■ **Material for this exercise**
- - -

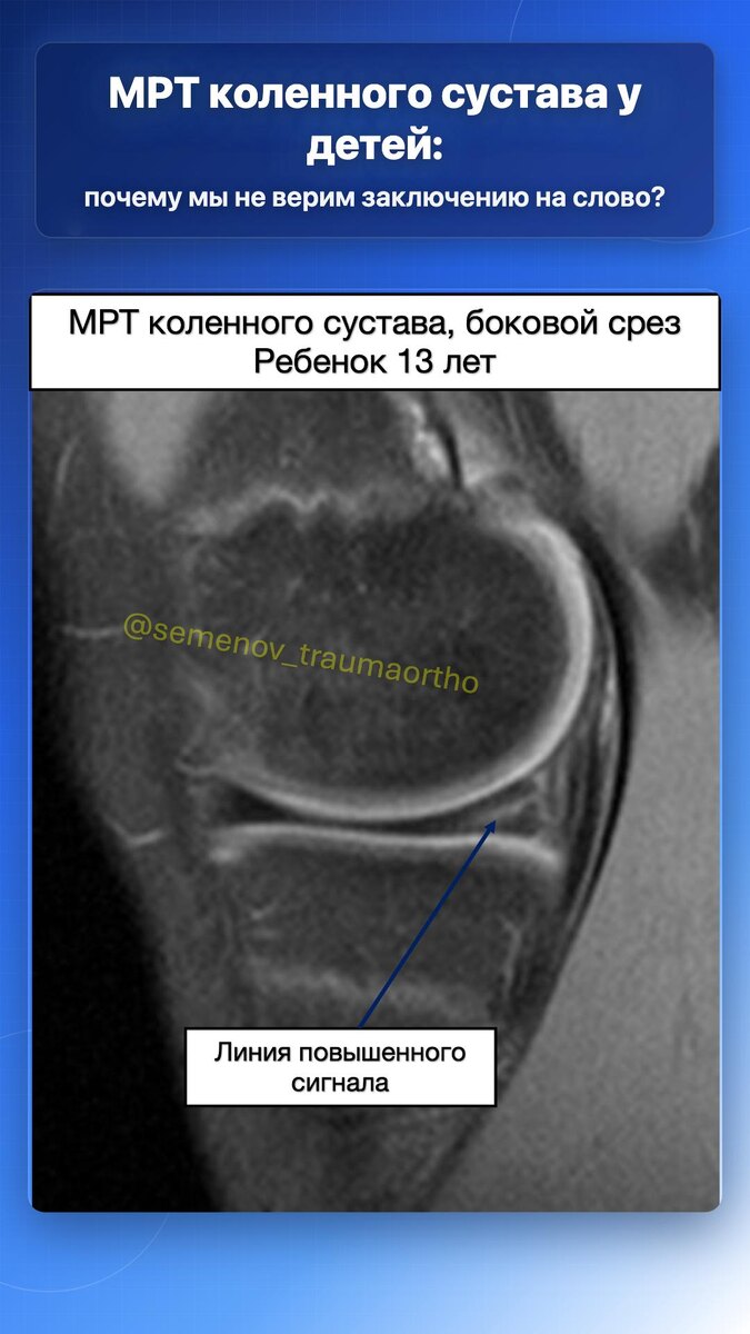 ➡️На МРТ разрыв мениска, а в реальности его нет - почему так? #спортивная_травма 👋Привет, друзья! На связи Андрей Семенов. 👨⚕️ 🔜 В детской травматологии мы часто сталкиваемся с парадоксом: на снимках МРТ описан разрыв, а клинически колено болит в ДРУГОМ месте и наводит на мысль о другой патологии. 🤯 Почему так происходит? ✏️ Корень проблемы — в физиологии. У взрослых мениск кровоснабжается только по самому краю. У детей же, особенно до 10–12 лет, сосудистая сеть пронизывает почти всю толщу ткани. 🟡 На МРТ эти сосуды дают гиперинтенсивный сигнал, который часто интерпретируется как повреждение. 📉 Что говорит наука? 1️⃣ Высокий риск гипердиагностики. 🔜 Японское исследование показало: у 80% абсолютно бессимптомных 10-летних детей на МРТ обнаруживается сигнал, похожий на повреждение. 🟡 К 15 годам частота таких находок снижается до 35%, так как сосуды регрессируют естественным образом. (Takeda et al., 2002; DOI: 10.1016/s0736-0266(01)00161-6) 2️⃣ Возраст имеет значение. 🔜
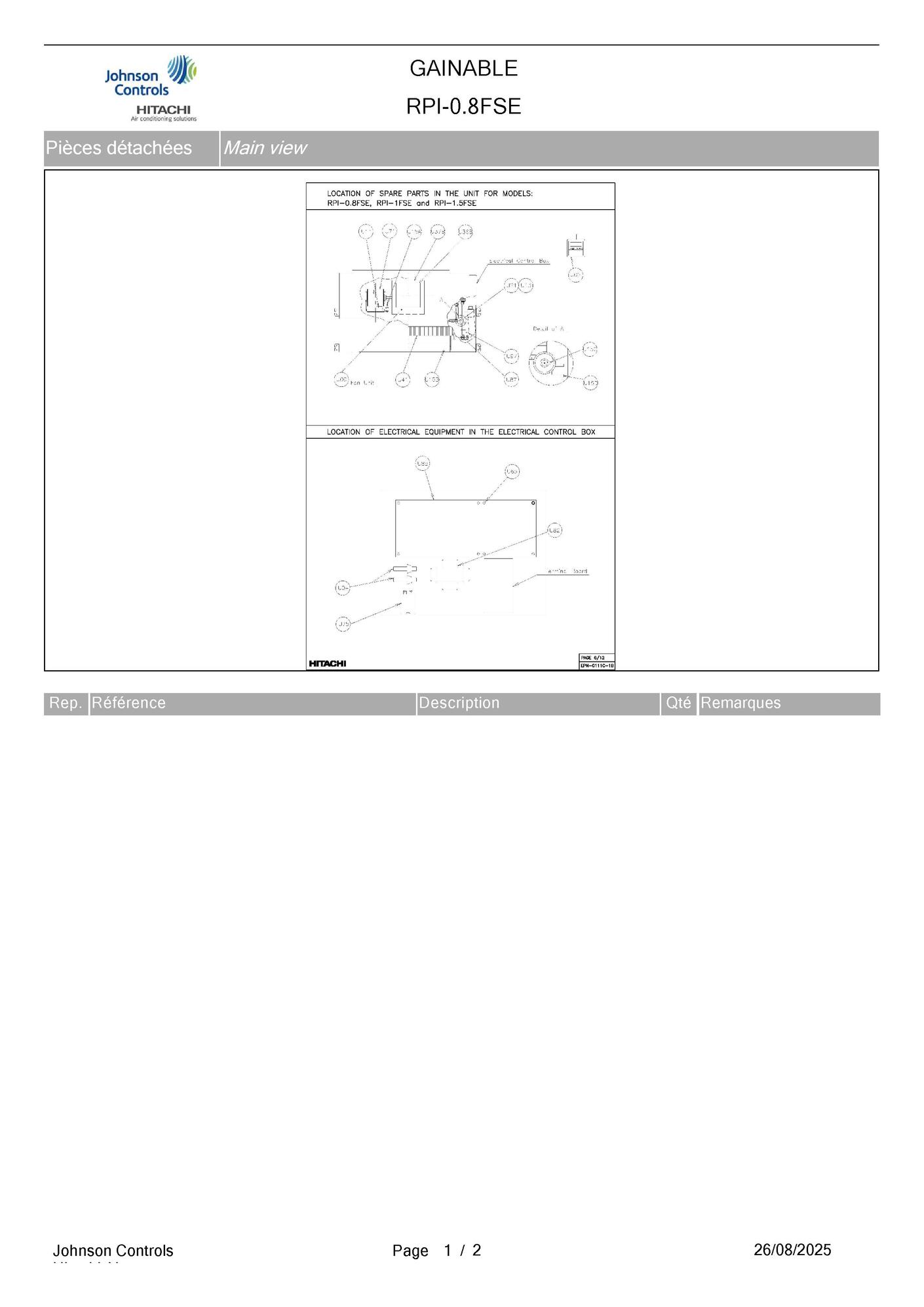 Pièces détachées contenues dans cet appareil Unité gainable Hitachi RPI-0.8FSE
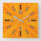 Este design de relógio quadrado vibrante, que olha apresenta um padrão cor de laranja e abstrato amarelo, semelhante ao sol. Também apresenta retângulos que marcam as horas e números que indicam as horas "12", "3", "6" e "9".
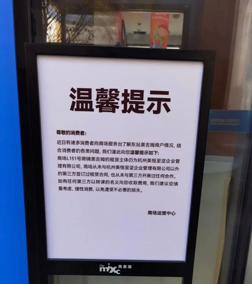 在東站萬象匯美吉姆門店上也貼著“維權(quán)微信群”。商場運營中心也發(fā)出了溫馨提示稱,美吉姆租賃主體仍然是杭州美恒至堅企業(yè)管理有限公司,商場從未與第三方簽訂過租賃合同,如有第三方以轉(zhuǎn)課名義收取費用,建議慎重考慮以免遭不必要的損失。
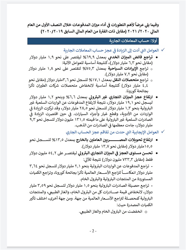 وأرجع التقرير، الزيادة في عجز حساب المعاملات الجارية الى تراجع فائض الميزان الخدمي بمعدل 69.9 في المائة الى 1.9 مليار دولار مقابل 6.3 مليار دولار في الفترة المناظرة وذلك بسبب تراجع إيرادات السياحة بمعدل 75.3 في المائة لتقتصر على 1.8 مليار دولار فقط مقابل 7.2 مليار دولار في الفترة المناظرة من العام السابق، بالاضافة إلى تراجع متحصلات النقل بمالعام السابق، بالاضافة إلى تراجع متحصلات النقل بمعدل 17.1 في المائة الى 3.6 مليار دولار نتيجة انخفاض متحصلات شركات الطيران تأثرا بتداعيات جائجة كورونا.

- - -

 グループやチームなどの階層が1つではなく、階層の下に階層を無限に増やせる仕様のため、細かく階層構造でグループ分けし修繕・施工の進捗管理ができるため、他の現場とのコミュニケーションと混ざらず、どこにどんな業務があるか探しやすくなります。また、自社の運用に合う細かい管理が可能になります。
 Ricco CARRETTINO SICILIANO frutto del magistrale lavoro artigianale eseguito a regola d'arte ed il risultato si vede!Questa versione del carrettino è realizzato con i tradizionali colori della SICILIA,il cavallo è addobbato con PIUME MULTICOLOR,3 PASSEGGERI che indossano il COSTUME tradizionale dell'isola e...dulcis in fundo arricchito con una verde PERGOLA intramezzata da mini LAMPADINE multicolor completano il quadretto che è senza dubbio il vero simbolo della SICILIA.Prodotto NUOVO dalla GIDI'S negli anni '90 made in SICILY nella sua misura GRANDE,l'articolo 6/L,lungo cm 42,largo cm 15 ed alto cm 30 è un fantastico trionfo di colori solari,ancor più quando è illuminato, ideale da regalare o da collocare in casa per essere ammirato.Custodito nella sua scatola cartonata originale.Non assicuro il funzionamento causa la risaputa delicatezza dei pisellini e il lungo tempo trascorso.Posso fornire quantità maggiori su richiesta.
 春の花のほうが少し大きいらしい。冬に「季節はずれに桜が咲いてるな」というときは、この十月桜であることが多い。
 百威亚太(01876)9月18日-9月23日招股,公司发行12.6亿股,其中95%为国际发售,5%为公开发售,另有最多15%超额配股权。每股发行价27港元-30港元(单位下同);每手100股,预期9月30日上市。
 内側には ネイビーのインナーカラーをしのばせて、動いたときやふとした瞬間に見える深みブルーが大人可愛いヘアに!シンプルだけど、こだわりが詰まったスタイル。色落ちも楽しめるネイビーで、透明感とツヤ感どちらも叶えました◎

- - -

■ **What the task requires**
Output exactly the lines above that lie between the line with "Este design de" and the line with "在東站萬象匯美吉姆門店上也貼", those two lines included, and no pictures.

■ **Answer area**
 Este design de relógio quadrado vibrante, que olha apresenta um padrão cor de laranja e abstrato amarelo, semelhante ao sol. Também apresenta retângulos que marcam as horas e números que indicam as horas "12", "3", "6" e "9".
 在東站萬象匯美吉姆門店上也貼著“維權(quán)微信群”。商場運營中心也發(fā)出了溫馨提示稱,美吉姆租賃主體仍然是杭州美恒至堅企業(yè)管理有限公司,商場從未與第三方簽訂過租賃合同,如有第三方以轉(zhuǎn)課名義收取費用,建議慎重考慮以免遭不必要的損失。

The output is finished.